Support my project by visiting SolomonDB Github and give me a star ⭐️

Weekly Update #2: Palmon

Date: November 2022 (1-7/11/2022)

fig

Palmon is one of the Kings of Hell, more obedient to Lucifer than other kings are, and has two hundred legions of demons under his rule. He has a great voice and roars as soon as he comes, speaking in this manner for a while until the conjurer compels him and then he answers clearly the questions he is asked. When a conjurer invokes this demon he must look towards the northwest, the direction of Paimon's house, and when Paimon appears he must be allowed to ask the conjurer what he wishes and be answered, in order to obtain the same from him. - Wikipedia

Commits on Nov 1, 2022

Description

The prior implementation of RocksDBDriver was using the database instance initialized using DB object. And all methods are called from the object DB instance too. However, this approach has some limitations in terms of concurrency operations. Briefly, I migrate it from using DB to handling operations using transactions - a better control flow approach. Instead of using TransactionDB, I choose OptimisticTransactionDB which is more efficient for read contention database, correct me if I am wrong.

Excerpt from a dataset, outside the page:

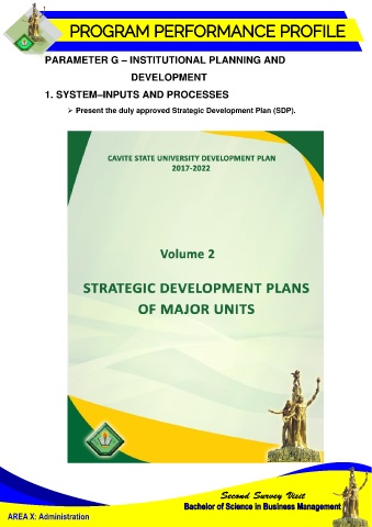 PARAMETER G – INSTITUTIONAL PLANNING AND DEVELOPMENT 1. SYSTEM–INPUTS AND PROCESSES ➢ Present the duly approved Strategic Development Plan (SDP). AREA X: Administration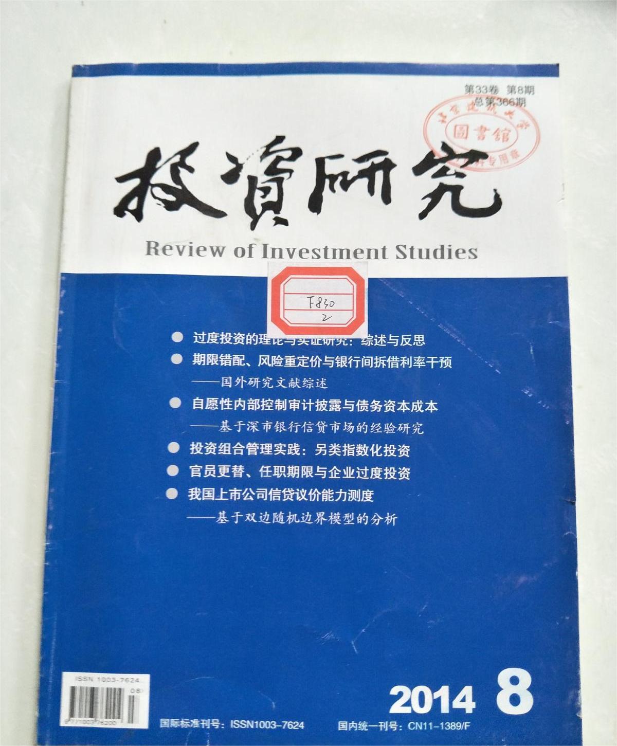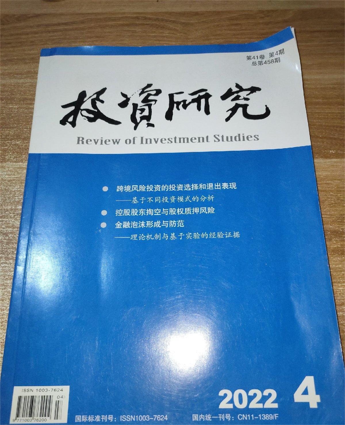 《投资研究》(月刊)创刊于1982年,由中国建设银行股份有限公司、中国投资学会主办。专业学术性刊物。刊载投资宏观控制和微观管理的基础理论和应用理论研究成果,探讨财政投资、银行长期信用投资、企业和证券投资管理的发展问题,并介绍国外投资研究的新动向和学术成果。

You can read more about this in RocksDB Wiki

Detail explanation

Even though there is only one commit and only today, this commit has a lot of code refractors. An obvious refractor is migrating from Driver to Adapter which follows adapter pattern.

  • StorageDriver to StorageAdapter
  • RocksDBDriver to RocksDBAdapter

Walk through the implementation of StorageAdapter, we have

pub struct StorageAdapter<T> {
    pub name: StorageAdapterName,
    pub db_instance: Pin<Arc<T>>,
    pub variant: StorageVariant,
}

You may notice the use of generic type Pin<Arc<T>>. Explain more about why I wrote this. Pin trait will pin the object in a memory, which means it can't be move to a different location in a memory, for example, using std::mem::swap. Inside the Pin type, we have Arc or Atomically Reference Counted.Arc type shares ownership between threads, which is different from single threaded type Rc. Hence, this is usually used for handling multi-threaded operations and it is suitable for our distributed database design.

New method added to RocksDBAdapter to create a transaction

pub fn transaction(
        self: &'static Self,
        w: bool,
        r: bool,
    ) -> Result<Transaction<TxType>, Error> {
        let inner = self.get_inner();
        let db_instance = &inner.db_instance;
        let tx = db_instance.transaction();

        // The database reference must always outlive
        // the transaction. If it doesn't then this
        // is undefined behaviour. This unsafe block
        // ensures that the transaction reference is
        // static, but will cause a crash if the
        // datastore is dropped prematurely.
        let tx = unsafe {
            std::mem::transmute::<
                rocksdb::Transaction<'_, OptimisticTransactionDB>,
                rocksdb::Transaction<'static, OptimisticTransactionDB>,
            >(tx)
        };

        Ok(Transaction::<TxType>::new(tx, w, r))
    }

There is a head-aching concept in this method, we have an unsafe method use std::mem::transmute. This is not recommended to use as it transform the lifetime of an object. The reason why we use this method here is because, we need to cast the original lifetime of OptimisticTransactionDB to static as we want the transaction remains as long as it can until the program stops. This is referenced from the source code of SurrealDB.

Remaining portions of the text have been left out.